Goal of the exercise
Output, exactly and with no pictures, the line that contains "ignytiger Vintage Santa" and every line that comes after it in the data below, the last one included.

Available data
::::
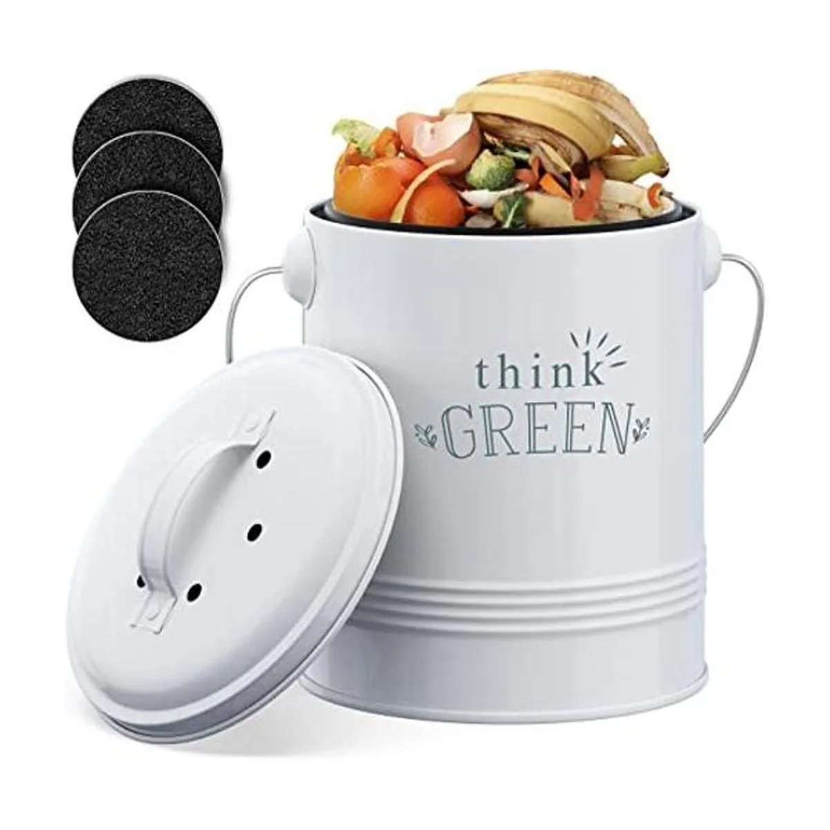Incluye filtros absorbentes de olores: este pequeño cubo de compost para cocina viene con filtros de carbón que absorben el olor para la tapa. Está diseñado para ser inodoro, ya que el filtro de carbón funciona para atrapar y controlar los olores. Incluye 3 filtros extra de carbón.
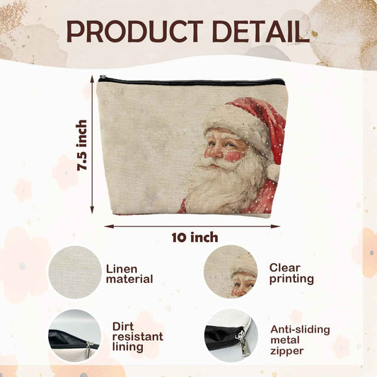 ignytiger Vintage Santa Claus Makeup Bags, Winter Christmas Festive Santa Gifts Cosmetic Bags for Women, Rustic Christmas Decor Holiday Santa Portrait Canvas Makeup Bag Gifts Zipper Pouches for Purse
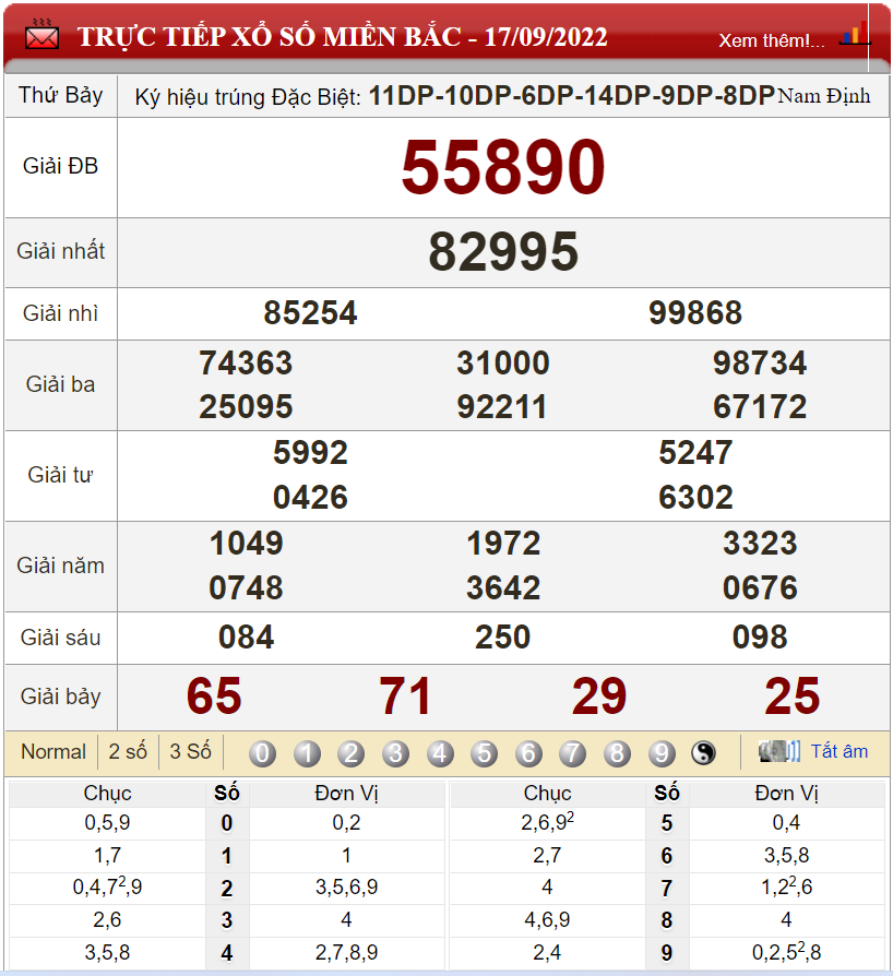 Kết quả cầu lô theo xổ số miền Bắc ngày 17/9/2022
::::
Completed task
 ignytiger Vintage Santa Claus Makeup Bags, Winter Christmas Festive Santa Gifts Cosmetic Bags for Women, Rustic Christmas Decor Holiday Santa Portrait Canvas Makeup Bag Gifts Zipper Pouches for Purse
 Kết quả cầu lô theo xổ số miền Bắc ngày 17/9/2022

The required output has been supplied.